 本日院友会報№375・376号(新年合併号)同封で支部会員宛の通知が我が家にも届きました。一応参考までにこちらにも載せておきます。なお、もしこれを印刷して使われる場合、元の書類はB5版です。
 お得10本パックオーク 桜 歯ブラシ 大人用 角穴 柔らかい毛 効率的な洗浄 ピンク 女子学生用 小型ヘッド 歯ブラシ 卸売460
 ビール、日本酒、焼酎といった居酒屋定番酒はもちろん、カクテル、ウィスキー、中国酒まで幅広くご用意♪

________________________________________

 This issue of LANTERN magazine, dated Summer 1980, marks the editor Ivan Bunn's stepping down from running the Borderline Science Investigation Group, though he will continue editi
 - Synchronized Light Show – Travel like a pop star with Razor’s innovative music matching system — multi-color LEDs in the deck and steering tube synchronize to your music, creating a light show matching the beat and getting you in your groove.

________________________________________

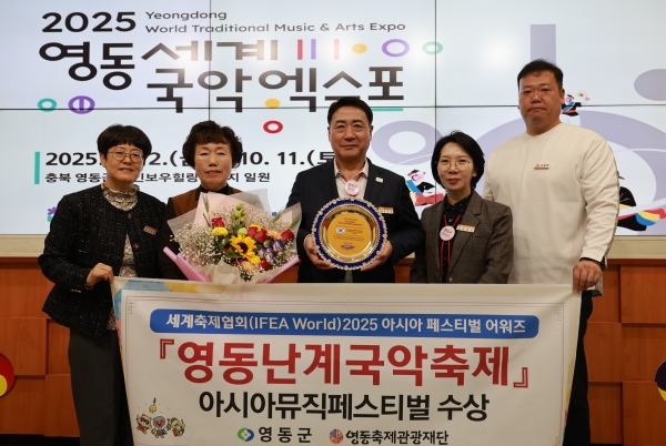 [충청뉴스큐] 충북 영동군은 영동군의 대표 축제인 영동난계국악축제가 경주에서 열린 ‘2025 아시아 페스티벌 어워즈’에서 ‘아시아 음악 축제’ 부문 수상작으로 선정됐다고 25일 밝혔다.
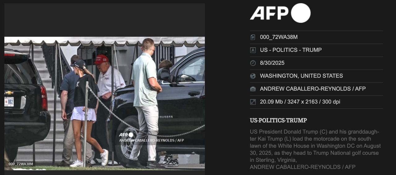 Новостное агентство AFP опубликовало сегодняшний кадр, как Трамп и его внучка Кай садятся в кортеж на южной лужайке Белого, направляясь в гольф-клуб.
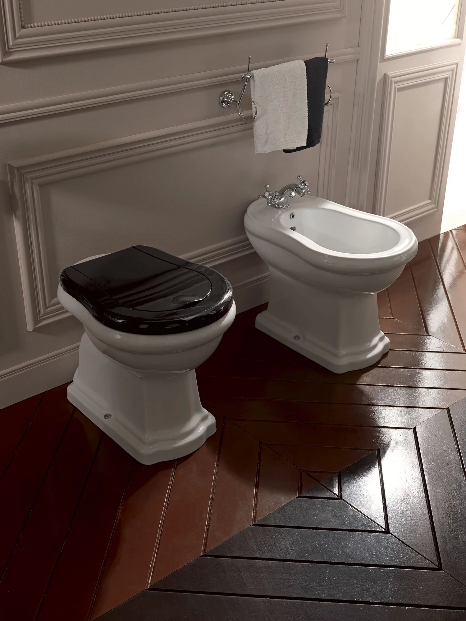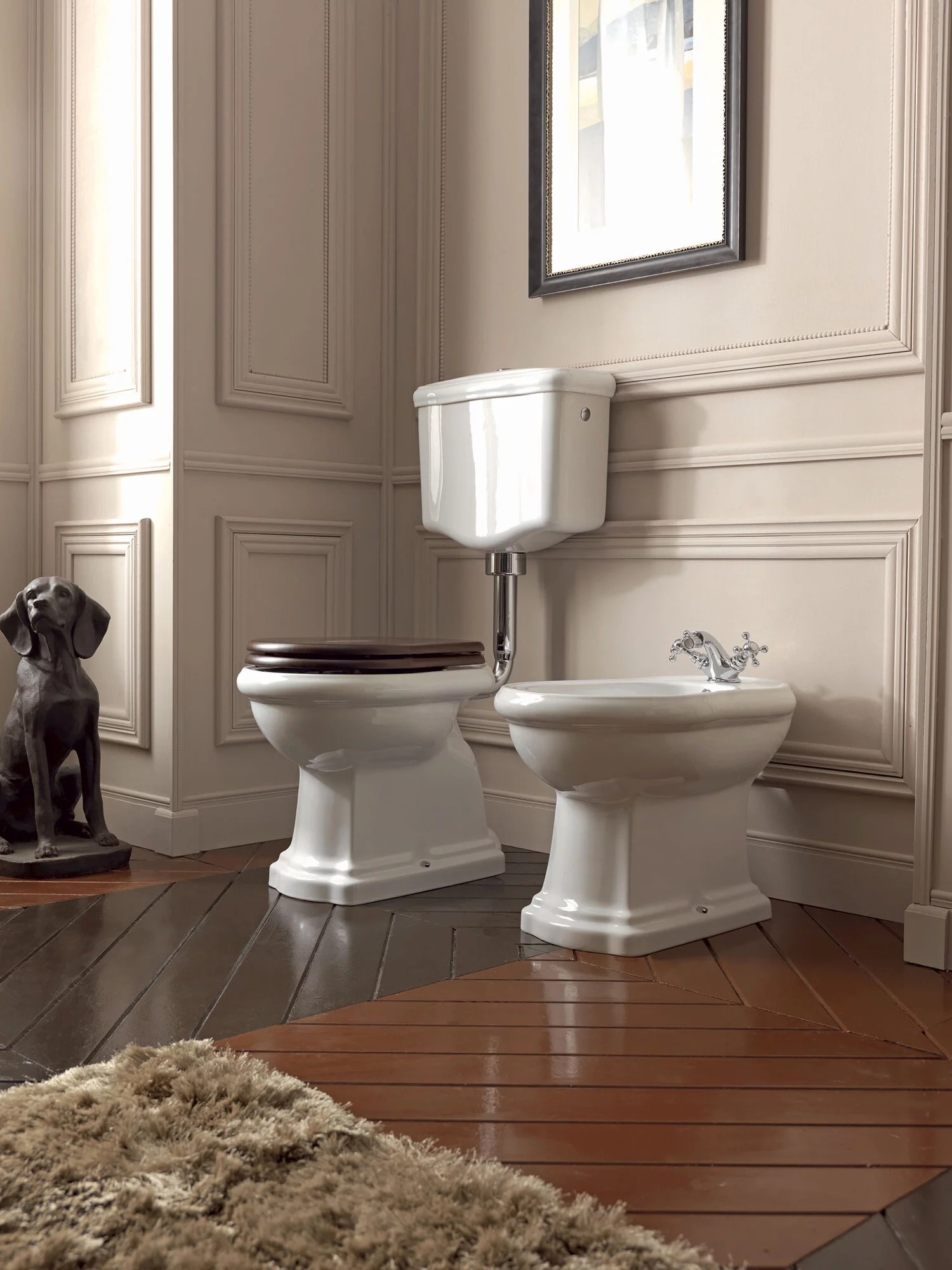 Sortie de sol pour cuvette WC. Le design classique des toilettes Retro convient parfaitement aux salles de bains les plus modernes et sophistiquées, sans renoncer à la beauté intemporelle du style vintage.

________________________________________

INSTRUCTIONS TO FOLLOW> For this exercise, output exactly the lines above from the line with "本日院友会報№375・376" to the line with "ビール、日本酒、焼酎といった", counting both, and leave out the rest.

RESPONSE>
 本日院友会報№375・376号(新年合併号)同封で支部会員宛の通知が我が家にも届きました。一応参考までにこちらにも載せておきます。なお、もしこれを印刷して使われる場合、元の書類はB5版です。
 お得10本パックオーク 桜 歯ブラシ 大人用 角穴 柔らかい毛 効率的な洗浄 ピンク 女子学生用 小型ヘッド 歯ブラシ 卸売460
 ビール、日本酒、焼酎といった居酒屋定番酒はもちろん、カクテル、ウィスキー、中国酒まで幅広くご用意♪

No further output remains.